That was a significant step because it would enable the president of the European Union and the Foreign Minister of the European Union to go around the world representing Europe, to speak on behalf of a body with a legal personality and to conclude treaties on behalf of a body with a legal personality. That has not been entirely clear up till now, but it would certainly create a very important change.

Mr. Cash: Does my hon. Friend agree that preserving the single legal personality and overcoming the pillar structure, which is also part of the proposals, would bring in the Community method for adopting measures in relation to criminal law and procedure, which at present is done intergovernmentally and by unanimity under the EU treaty? Would it not also involve the Commission having power to bring infraction proceedings against member states in respect of the implementation of criminal measures, with the European Court of Justice being the final arbiter? Can it get worse than that?
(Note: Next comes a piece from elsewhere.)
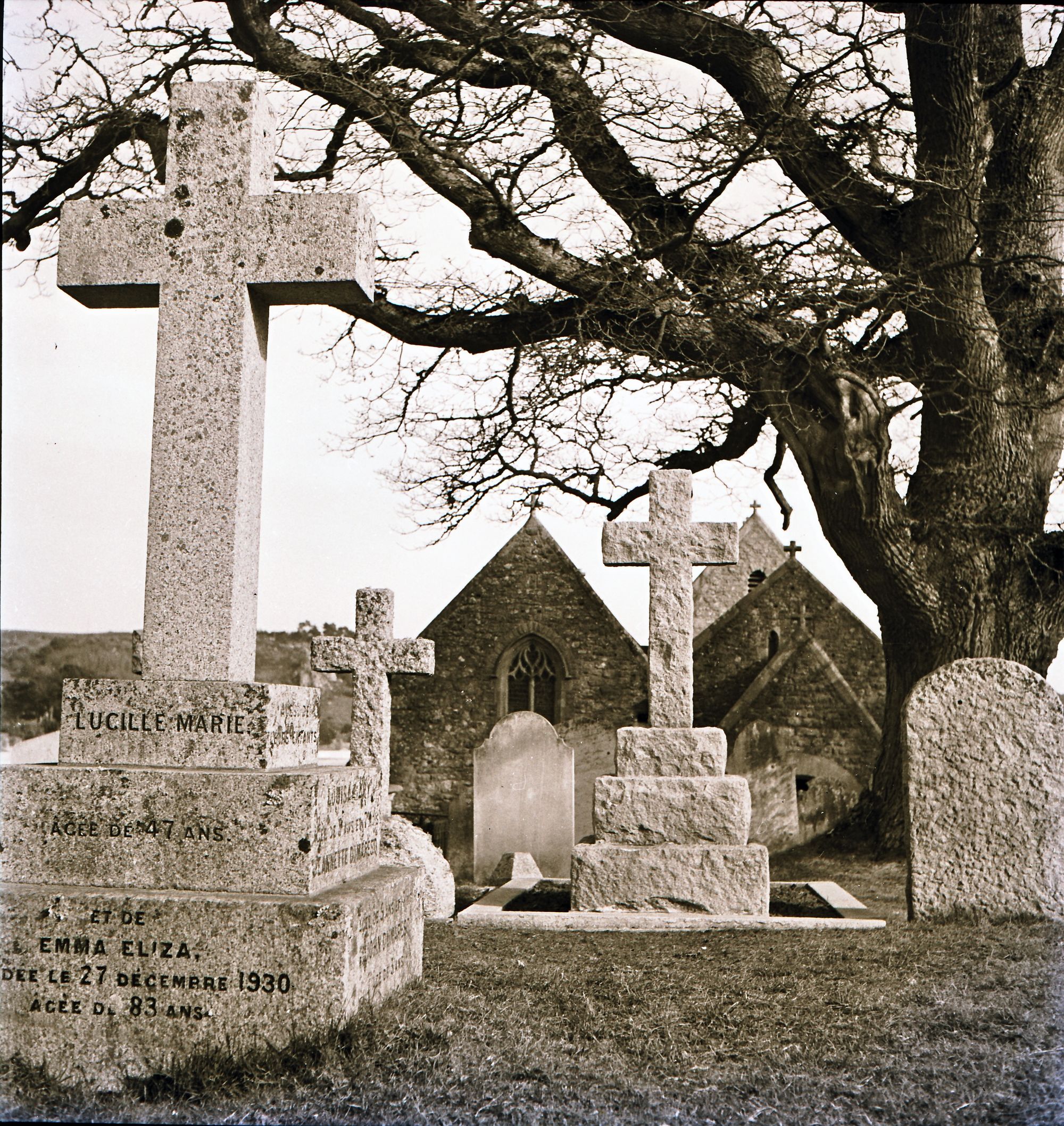1. St Brelade churchyard and cemetery. (Le cimetière dans la baie de Saint Brelade.)

Mr. Clappison: My hon. Friend anticipates my next point. I was about to turn to the merging of the third pillar into the first pillar, which would have the effect of bringing judicial and home affairs under qualified majority voting and the Community method, as he described, and giving the European Union a whole new range of competences. That underlines the point that I made a moment ago about my hon. Friend’s position and that of other people. His comments about the significance of the proposals are shared not just by people who take his view of Europe, but by a considerable number of others.

Mr. Gummer rose—

Mr. Clappison: Before my right hon. Friend intervenes—I know that he will make an excellent point—may I conclude my own point by saying that when the Home Affairs Committee, an all-party Committee of the House, considered the matter, it unanimously reached the conclusion that my hon. Friend the Member for Stone (Mr. Cash) has just set out? In a recent report, the Committee concluded with respect to the criminal law:

My right hon. Friend the Member for Suffolk, Coastal (Mr. Gummer) is extremely persuasive and reasoned. He might persuade me to take a different view, but I doubt that he will persuade me away from the view that I took, together with all the members of the Select Committee.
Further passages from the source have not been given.